In one of our earlier articles published on this forum, we have presented a range of capabilities that enhance business continuity of Azure SQL Database deployments. That article is, at this point, over a year old, which constitutes a rather long time when you consider the rapid rate at which cloud technologies change. Since then, Microsoft not only enhanced the existing functionality, but also introduced a number of new features that facilitate Azure SQL Database business continuity. The purpose of this article is to provide their overview.
From the business continuity standpoint, each of the current pricing tiers of Azure SQL Database still supports the same set of options, including:
- Point in Time Restore from backup – restores leverage automatic Point in Time Backups, which take place weekly (full), hourly (differential), and every five to ten minutes (transaction log). All pricing tiers provide the same restore experience and characteristics. The only distinction is the retention period, which lasts 35 days for all pricing tiers with the exception of Basic, for which the retention period is limited to 7 days.
- Geo-restore from geo-replicated backups – restores leverage built-in replication of full and differential automatic backups to another Azure region. This provides Recovery Point Objective (RPO) within a one-hour window and Estimated Recovery Time (ERT) within a 12-hour window.
- Restore from Azure Backup Vault – restores leverage the ability to schedule backups of databases to Azure Backup Vault in cases where the maximum retention period of Point in Time Backups is not sufficiently long.
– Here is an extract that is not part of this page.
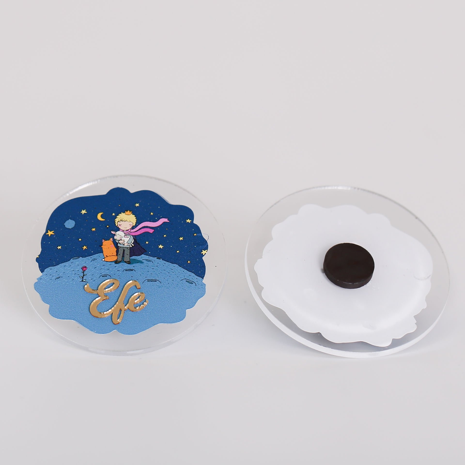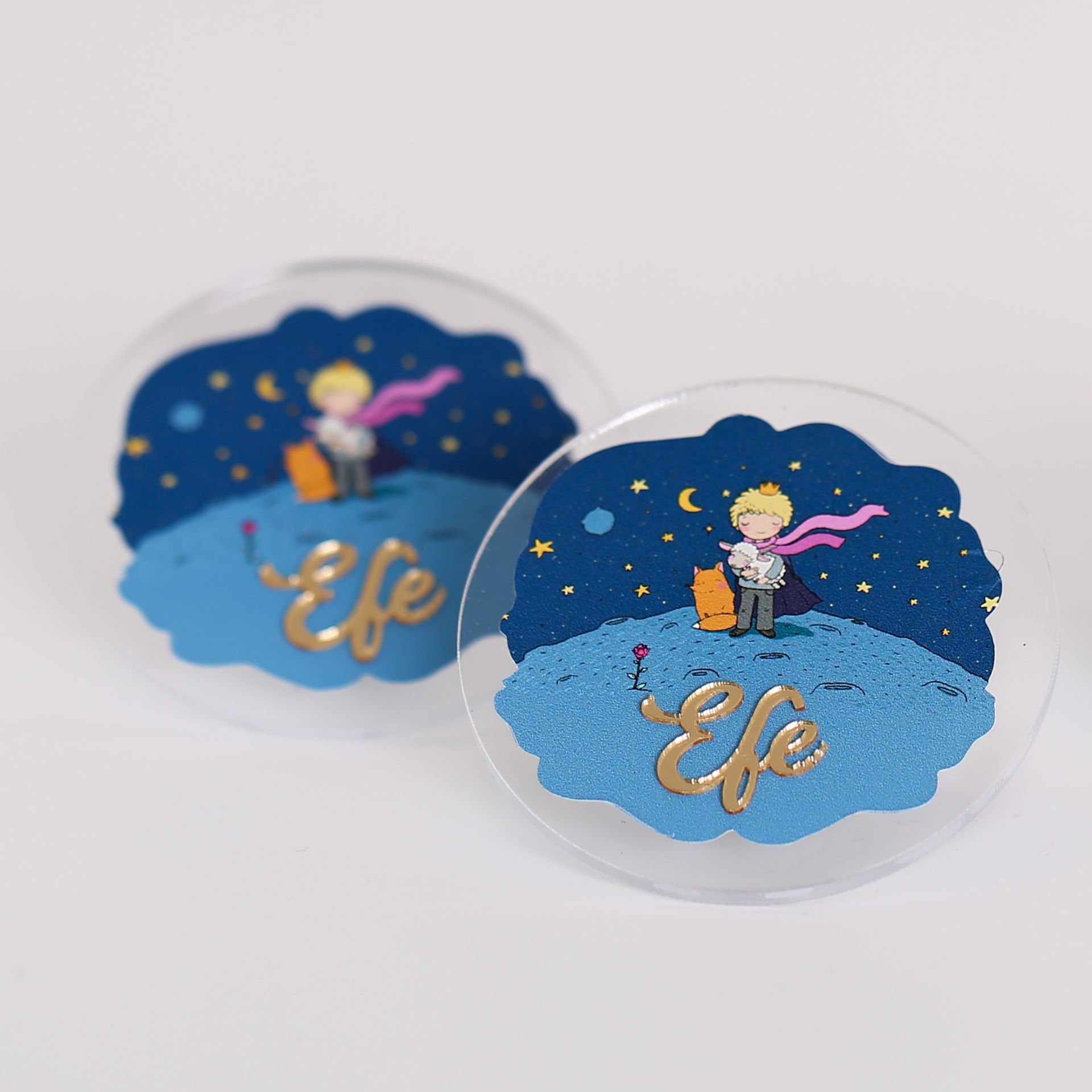 Bebek Magnet - Küçük Prens temalı tasarım, hastane çıkışı bebek hediyeliği, doğum magneti ve mevlüt hatırası arayanlar için özel olarak hazırlanır. Baby shower organizasyonu, diş buğdayı partisi ve 1 yaş doğum günü hatıralığı için anlamlı ve konsept uyumlu bir alternatiftir. Küçük Prens konseptli bebek magneti, isimli bebek hediyeliği ve kişiye özel doğum magneti aramalarına uygundur. Renkli özel kesim sticker ve pleksi isim etiketi ile hazırlanarak hem dekoratif hem kalıcı bir bebek anı hediyesi sunar.

Since this capability is based on full backups, its RPO is one week.
- Active Geo-Replication allows you to create in arbitrarily chosen Azure regions up to four readable database replicas, which replicate asynchronously from the writable instance in a primary region. This capability offers the best ERT and RPO of 30 seconds and 5 seconds, respectively.
It is worth noting that in addition to previously available Basic, Standard, and Premium pricing tiers, which are part of the DTU-based purchasing model, customers now also have the option of choosing General Purpose and Business Critical pricing tiers, which are part of the new vCore-based purchasing model. However, this does not affect the business continuity options described above.
When using Active Geo-Replication, the processes of creating replicas and performing failover between them are quite straightforward and can be performed directly from the Azure portal. However, with the original approach, such failover requires a manual intervention. In particular, you have to designate one of the secondary replicas to take over the role of the primary. In addition, since replicas reside on different logical servers and each server has a unique endpoint, you have to also update connection strings in your applications in order account for the new writeable endpoint.
To address these limitations, Microsoft introduced auto-failover groups, which as their name indicate, facilitate automatic failover. To implement this new approach, you create a group consisting of two servers in different Azure regions, with each server containing one or more databases that you intend to include in the scope of automatic failover. A server can be a part of multiple failover groups. All primary databases in any given group must be located on the same server. Adding a database residing on the primary server to the group will trigger creation of a readable replica on the secondary server. If the primary database is part of an elastic pool, then the secondary server will place its replica into a pool with the matching name.
The failover group exposes two listeners:
- read-write listener, which is referenced by a CNAME DNS record in the format <failover-group-name>.database.windows.net. The listener is auto-configured to always point to the primary server of the group.
- read-only listener, which is referenced by a CNAME DNS record in the format <failover-group-name>.secondary.database.windows.net. The listener is auto-configured to always point to the secondary server of the group. The availability of read-only listener facilitates scenarios in which you have applications or services that rely on read-only access to SQL Database and can tolerate minor differences between the content of the primary and secondary databases, inherent to the asynchronous nature of their replication.
The group failover behavior is controlled by two policies:
- Automatic failover policy. This policy controls automatic failover of the read-write listener in case of a failure of the primary server. Its GracePeriodWithDataLossHours parameter, referenced in the Azure portal as Read/Write Grace Period (hours), designates the period of time (up to 24 hours) following a failure of the primary after which the automatic failover should take place. By default, this policy is enabled, however, considering that a failover introduces the possibility of data loss, you have the option of disabling it and controlling failovers manually. Such an approach still allows you to benefit from the capabilities offered by group listeners. In addition, when performing manual failover, you can attempt a failover with full data synchronization (also referred to as friendly failover), which eliminates the possibility of data loss. You should note that the friendly failover is also invoked during automatic failover of the primary as long as the writeable database is accessible via data plane.
- Read-only failover policy. This policy controls automatic failover of the read-only listener in case of a failure of the secondary server. By default, this policy is disabled, in order to eliminate potential negative performance impact on the primary following a failover. However, with the read-only policy disabled, the applications and services that you pointed to the read-only listener will lose database access for as long as the secondary server is unavailable. If their availability is important and you can tolerate potential decrease in performance of the primary following a failover, you have the option of enabling this policy.
This concludes our overview of enhanced business continuity functionality of Azure SQL Database. In the upcoming articles, we will cover its latest high availability features.